[Problem to work on] Copy the data exactly. No line may be skipped.

[Given data]
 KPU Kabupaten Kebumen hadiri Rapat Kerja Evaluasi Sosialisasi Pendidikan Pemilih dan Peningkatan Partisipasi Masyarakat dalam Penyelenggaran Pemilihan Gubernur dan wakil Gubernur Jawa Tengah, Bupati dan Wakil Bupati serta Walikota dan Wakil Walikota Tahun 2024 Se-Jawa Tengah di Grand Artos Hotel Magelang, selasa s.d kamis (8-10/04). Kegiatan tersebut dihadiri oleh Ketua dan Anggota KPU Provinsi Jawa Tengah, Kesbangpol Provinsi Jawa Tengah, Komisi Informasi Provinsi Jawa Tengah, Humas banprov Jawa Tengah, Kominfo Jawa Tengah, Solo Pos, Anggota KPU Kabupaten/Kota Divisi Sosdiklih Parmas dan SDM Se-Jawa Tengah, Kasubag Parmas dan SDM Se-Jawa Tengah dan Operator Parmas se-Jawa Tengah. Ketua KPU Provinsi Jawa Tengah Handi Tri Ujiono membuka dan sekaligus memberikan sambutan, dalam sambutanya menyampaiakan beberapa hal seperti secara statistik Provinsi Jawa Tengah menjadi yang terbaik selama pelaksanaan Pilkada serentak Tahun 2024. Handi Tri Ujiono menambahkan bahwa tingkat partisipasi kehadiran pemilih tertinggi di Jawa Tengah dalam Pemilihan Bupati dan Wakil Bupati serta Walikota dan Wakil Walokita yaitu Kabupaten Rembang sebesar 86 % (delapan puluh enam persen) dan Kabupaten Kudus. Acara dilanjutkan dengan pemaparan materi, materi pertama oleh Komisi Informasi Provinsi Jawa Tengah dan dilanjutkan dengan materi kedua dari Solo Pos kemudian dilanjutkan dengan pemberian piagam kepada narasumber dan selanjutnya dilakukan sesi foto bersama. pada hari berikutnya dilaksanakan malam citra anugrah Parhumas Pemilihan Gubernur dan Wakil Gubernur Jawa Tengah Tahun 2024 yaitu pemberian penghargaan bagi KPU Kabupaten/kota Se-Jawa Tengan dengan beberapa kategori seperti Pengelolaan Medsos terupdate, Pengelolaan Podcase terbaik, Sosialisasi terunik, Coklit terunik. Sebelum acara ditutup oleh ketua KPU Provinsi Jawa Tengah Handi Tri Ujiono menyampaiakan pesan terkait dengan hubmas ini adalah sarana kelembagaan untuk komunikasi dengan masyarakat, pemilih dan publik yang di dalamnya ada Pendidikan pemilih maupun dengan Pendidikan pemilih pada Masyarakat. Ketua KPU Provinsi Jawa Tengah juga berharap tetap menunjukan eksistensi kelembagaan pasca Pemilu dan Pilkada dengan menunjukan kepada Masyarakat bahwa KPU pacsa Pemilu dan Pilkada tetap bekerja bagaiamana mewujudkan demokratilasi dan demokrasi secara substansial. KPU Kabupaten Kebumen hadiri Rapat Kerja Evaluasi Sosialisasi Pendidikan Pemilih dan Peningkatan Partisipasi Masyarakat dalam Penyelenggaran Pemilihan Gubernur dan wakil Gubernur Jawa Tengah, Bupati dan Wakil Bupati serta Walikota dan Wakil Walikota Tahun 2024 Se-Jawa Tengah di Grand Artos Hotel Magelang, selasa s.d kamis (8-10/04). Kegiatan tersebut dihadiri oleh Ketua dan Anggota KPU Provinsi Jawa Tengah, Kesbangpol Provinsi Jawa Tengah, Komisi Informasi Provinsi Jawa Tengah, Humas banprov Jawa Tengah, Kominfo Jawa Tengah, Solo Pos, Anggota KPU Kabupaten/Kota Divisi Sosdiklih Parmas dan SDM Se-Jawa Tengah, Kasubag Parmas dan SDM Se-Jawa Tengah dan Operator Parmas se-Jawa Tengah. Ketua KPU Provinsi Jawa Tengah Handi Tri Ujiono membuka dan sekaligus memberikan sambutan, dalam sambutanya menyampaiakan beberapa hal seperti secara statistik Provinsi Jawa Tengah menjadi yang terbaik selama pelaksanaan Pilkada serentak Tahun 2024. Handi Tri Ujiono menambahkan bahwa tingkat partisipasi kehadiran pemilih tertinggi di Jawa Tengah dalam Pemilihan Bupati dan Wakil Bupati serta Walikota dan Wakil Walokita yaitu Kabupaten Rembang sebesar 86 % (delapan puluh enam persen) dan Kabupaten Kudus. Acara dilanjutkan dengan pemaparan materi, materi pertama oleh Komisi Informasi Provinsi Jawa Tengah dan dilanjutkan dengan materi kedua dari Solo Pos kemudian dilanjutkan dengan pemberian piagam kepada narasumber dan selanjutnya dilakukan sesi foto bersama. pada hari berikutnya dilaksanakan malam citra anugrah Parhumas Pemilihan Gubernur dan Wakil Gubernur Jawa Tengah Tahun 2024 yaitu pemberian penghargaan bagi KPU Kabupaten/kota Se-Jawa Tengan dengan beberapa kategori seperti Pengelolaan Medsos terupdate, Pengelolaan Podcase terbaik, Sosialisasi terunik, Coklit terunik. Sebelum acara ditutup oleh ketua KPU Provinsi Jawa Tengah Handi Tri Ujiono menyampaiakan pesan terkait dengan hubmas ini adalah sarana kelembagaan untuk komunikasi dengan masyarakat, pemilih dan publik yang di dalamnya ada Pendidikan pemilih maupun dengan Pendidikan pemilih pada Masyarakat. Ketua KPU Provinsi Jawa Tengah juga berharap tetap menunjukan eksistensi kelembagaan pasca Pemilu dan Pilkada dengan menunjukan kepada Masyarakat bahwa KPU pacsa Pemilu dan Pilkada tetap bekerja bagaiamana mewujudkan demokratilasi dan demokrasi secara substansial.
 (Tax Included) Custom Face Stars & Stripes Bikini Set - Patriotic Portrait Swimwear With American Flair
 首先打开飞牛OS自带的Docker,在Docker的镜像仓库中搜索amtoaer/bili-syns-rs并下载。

[Response area]
 KPU Kabupaten Kebumen hadiri Rapat Kerja Evaluasi Sosialisasi Pendidikan Pemilih dan Peningkatan Partisipasi Masyarakat dalam Penyelenggaran Pemilihan Gubernur dan wakil Gubernur Jawa Tengah, Bupati dan Wakil Bupati serta Walikota dan Wakil Walikota Tahun 2024 Se-Jawa Tengah di Grand Artos Hotel Magelang, selasa s.d kamis (8-10/04). Kegiatan tersebut dihadiri oleh Ketua dan Anggota KPU Provinsi Jawa Tengah, Kesbangpol Provinsi Jawa Tengah, Komisi Informasi Provinsi Jawa Tengah, Humas banprov Jawa Tengah, Kominfo Jawa Tengah, Solo Pos, Anggota KPU Kabupaten/Kota Divisi Sosdiklih Parmas dan SDM Se-Jawa Tengah, Kasubag Parmas dan SDM Se-Jawa Tengah dan Operator Parmas se-Jawa Tengah. Ketua KPU Provinsi Jawa Tengah Handi Tri Ujiono membuka dan sekaligus memberikan sambutan, dalam sambutanya menyampaiakan beberapa hal seperti secara statistik Provinsi Jawa Tengah menjadi yang terbaik selama pelaksanaan Pilkada serentak Tahun 2024. Handi Tri Ujiono menambahkan bahwa tingkat partisipasi kehadiran pemilih tertinggi di Jawa Tengah dalam Pemilihan Bupati dan Wakil Bupati serta Walikota dan Wakil Walokita yaitu Kabupaten Rembang sebesar 86 % (delapan puluh enam persen) dan Kabupaten Kudus. Acara dilanjutkan dengan pemaparan materi, materi pertama oleh Komisi Informasi Provinsi Jawa Tengah dan dilanjutkan dengan materi kedua dari Solo Pos kemudian dilanjutkan dengan pemberian piagam kepada narasumber dan selanjutnya dilakukan sesi foto bersama. pada hari berikutnya dilaksanakan malam citra anugrah Parhumas Pemilihan Gubernur dan Wakil Gubernur Jawa Tengah Tahun 2024 yaitu pemberian penghargaan bagi KPU Kabupaten/kota Se-Jawa Tengan dengan beberapa kategori seperti Pengelolaan Medsos terupdate, Pengelolaan Podcase terbaik, Sosialisasi terunik, Coklit terunik. Sebelum acara ditutup oleh ketua KPU Provinsi Jawa Tengah Handi Tri Ujiono menyampaiakan pesan terkait dengan hubmas ini adalah sarana kelembagaan untuk komunikasi dengan masyarakat, pemilih dan publik yang di dalamnya ada Pendidikan pemilih maupun dengan Pendidikan pemilih pada Masyarakat. Ketua KPU Provinsi Jawa Tengah juga berharap tetap menunjukan eksistensi kelembagaan pasca Pemilu dan Pilkada dengan menunjukan kepada Masyarakat bahwa KPU pacsa Pemilu dan Pilkada tetap bekerja bagaiamana mewujudkan demokratilasi dan demokrasi secara substansial. KPU Kabupaten Kebumen hadiri Rapat Kerja Evaluasi Sosialisasi Pendidikan Pemilih dan Peningkatan Partisipasi Masyarakat dalam Penyelenggaran Pemilihan Gubernur dan wakil Gubernur Jawa Tengah, Bupati dan Wakil Bupati serta Walikota dan Wakil Walikota Tahun 2024 Se-Jawa Tengah di Grand Artos Hotel Magelang, selasa s.d kamis (8-10/04). Kegiatan tersebut dihadiri oleh Ketua dan Anggota KPU Provinsi Jawa Tengah, Kesbangpol Provinsi Jawa Tengah, Komisi Informasi Provinsi Jawa Tengah, Humas banprov Jawa Tengah, Kominfo Jawa Tengah, Solo Pos, Anggota KPU Kabupaten/Kota Divisi Sosdiklih Parmas dan SDM Se-Jawa Tengah, Kasubag Parmas dan SDM Se-Jawa Tengah dan Operator Parmas se-Jawa Tengah. Ketua KPU Provinsi Jawa Tengah Handi Tri Ujiono membuka dan sekaligus memberikan sambutan, dalam sambutanya menyampaiakan beberapa hal seperti secara statistik Provinsi Jawa Tengah menjadi yang terbaik selama pelaksanaan Pilkada serentak Tahun 2024. Handi Tri Ujiono menambahkan bahwa tingkat partisipasi kehadiran pemilih tertinggi di Jawa Tengah dalam Pemilihan Bupati dan Wakil Bupati serta Walikota dan Wakil Walokita yaitu Kabupaten Rembang sebesar 86 % (delapan puluh enam persen) dan Kabupaten Kudus. Acara dilanjutkan dengan pemaparan materi, materi pertama oleh Komisi Informasi Provinsi Jawa Tengah dan dilanjutkan dengan materi kedua dari Solo Pos kemudian dilanjutkan dengan pemberian piagam kepada narasumber dan selanjutnya dilakukan sesi foto bersama. pada hari berikutnya dilaksanakan malam citra anugrah Parhumas Pemilihan Gubernur dan Wakil Gubernur Jawa Tengah Tahun 2024 yaitu pemberian penghargaan bagi KPU Kabupaten/kota Se-Jawa Tengan dengan beberapa kategori seperti Pengelolaan Medsos terupdate, Pengelolaan Podcase terbaik, Sosialisasi terunik, Coklit terunik. Sebelum acara ditutup oleh ketua KPU Provinsi Jawa Tengah Handi Tri Ujiono menyampaiakan pesan terkait dengan hubmas ini adalah sarana kelembagaan untuk komunikasi dengan masyarakat, pemilih dan publik yang di dalamnya ada Pendidikan pemilih maupun dengan Pendidikan pemilih pada Masyarakat. Ketua KPU Provinsi Jawa Tengah juga berharap tetap menunjukan eksistensi kelembagaan pasca Pemilu dan Pilkada dengan menunjukan kepada Masyarakat bahwa KPU pacsa Pemilu dan Pilkada tetap bekerja bagaiamana mewujudkan demokratilasi dan demokrasi secara substansial.
 (Tax Included) Custom Face Stars & Stripes Bikini Set - Patriotic Portrait Swimwear With American Flair
 首先打开飞牛OS自带的Docker,在Docker的镜像仓库中搜索amtoaer/bili-syns-rs并下载。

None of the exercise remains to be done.